Ever wake up after a hard night’s sleep, take a gander in the mirror and immediately want to wave a white flag in defeat?
Surrendering any hope for good lookin’ locks for the day, you know when you show face (or dark roots, rather) in public folks will be talking behind your back about what a trashtacular turn for the worst your looks have taken? How you’re letting yourself go? How you must be broke as the top three inches of your hair are shades darker than the rest of your locks?
OK, so I don’t generally go in public decked out like a dork. But I do often wake up longing for hair that magically grows a light blonde out of my scalp (instead, I have to visit my magician every six weeks) therefore alleviating the need for me to wash my hair every.single.day. If I miss a shampoo, I look like I have taken Crisco to my roots by noon.
How does one cover up the trashiness growing from her mane?
Here are a few remedies I’ve found work for my hair indiscretions.
#1. The Snooki
Requirements: two barrettes.
This overall style saves me 25 minutes of hair hell in the morning.
#2. The Bang
When I was bitching at work regarding my greasy, grimy mane, a girl turned around and said, “Just wash your bangs in the morning.”
No shit?
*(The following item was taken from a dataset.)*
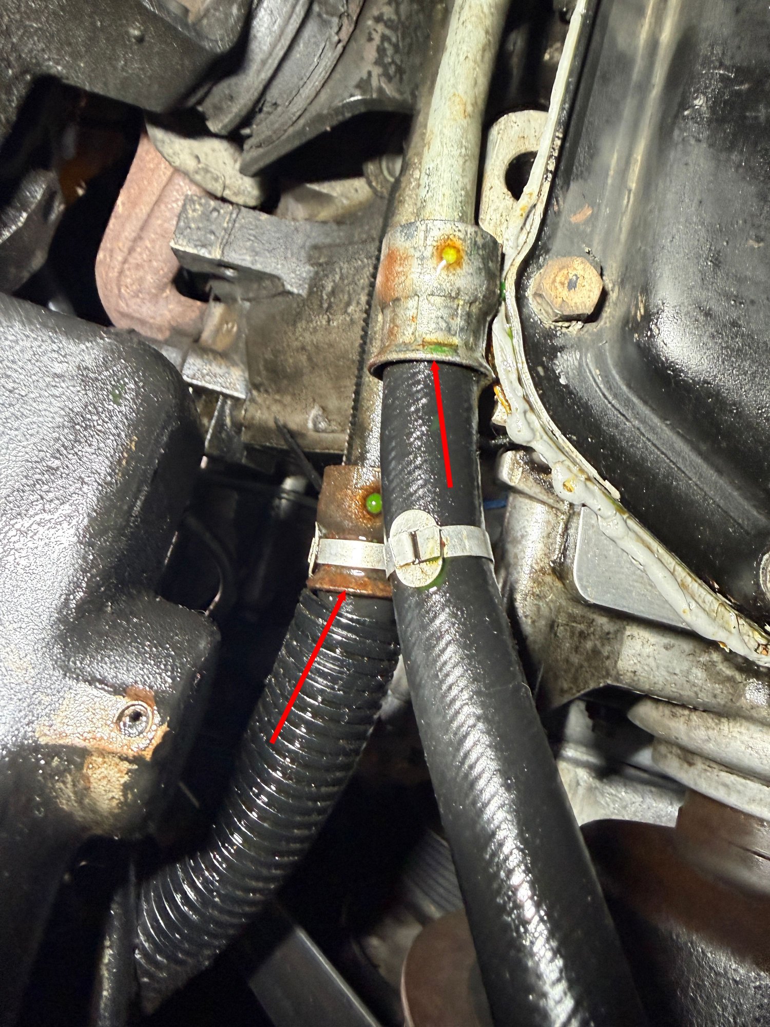 John, so both those hoses are moving oil only, right? I had some brain freeze and somehow i thought that coolant gets in one of these...i guess its because of that coolant stain.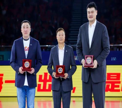 在仪式的最后,俱乐部向俱乐部功勋李秋平、姚明、章文琪和刘炜颁发功勋纪念章。这枚纪念章,是对那段峥嵘岁月最崇高的致敬。当他们并肩而立,仿佛时光在这一刻交汇,上海篮球的荣耀与传承尽收眼底。

Being blonde is hard work.
Requirements: shampoo and blow dryer. This version of “clean” hair saves me 20 minutes of primping.
#3. The Bret Michaels
Requirements: scarf (and no ponytail the day/night before).
This is an ultimate time saver, as I can truly bounce out of bed, tie a scarf and go (but I have to remember to pack a Sharpie marker in my purse for all of the autographs I’m asked to sign while sporting this style), which saves me 30 minutes of hair agony.
#4. The Bun
This was an accidental oily hair cover-up, as I tossed my locks up in a bun one day at the beach. But when I realized it would stay put all day, the look was added to my dark root arsenal.
Requirements: one scrunchie (yes I said a scrunchie – I’m too cheap to buy the bun sponge helper thing. But it doesn’t count as a scrunchie in public if you can’t see it. Ok? OK?!) and bobby pins.
This ballerina remedy adds another 15 minutes to my day.
#5. The Hat Trick
This is the simplest remedy of them all. Grab hat. Put on head.
Requirements: any kind of stylish head topper.
This trick saves me 35 minutes of messing with my tresses.
After all of the five remedies above have been tried and tested over the 42 days between salon visits (minus the nerd look), it’s time to visit my miracle maker.
My roots breathe a momentary sigh of relief as I let them come out to play in all of their newfound blonde glory.
If you happen to see me in any of the above states, you’ll know I’m either trying to eek out seven weeks between salon visits or avoid washing my hair (because I’m hung over, tired from a long weekend, hung over or just plain lazy).
It’s possible you won’t recognize me in all of my “I-swear-I-don’t-live-in-a-house-on-wheels-although-you’d-never-know-it-with-my-three-inches-of-visible-dark-roots” various, incognito giddy ups as you mistake me for Bret Michaels. Or any guest from the Maury Povich show.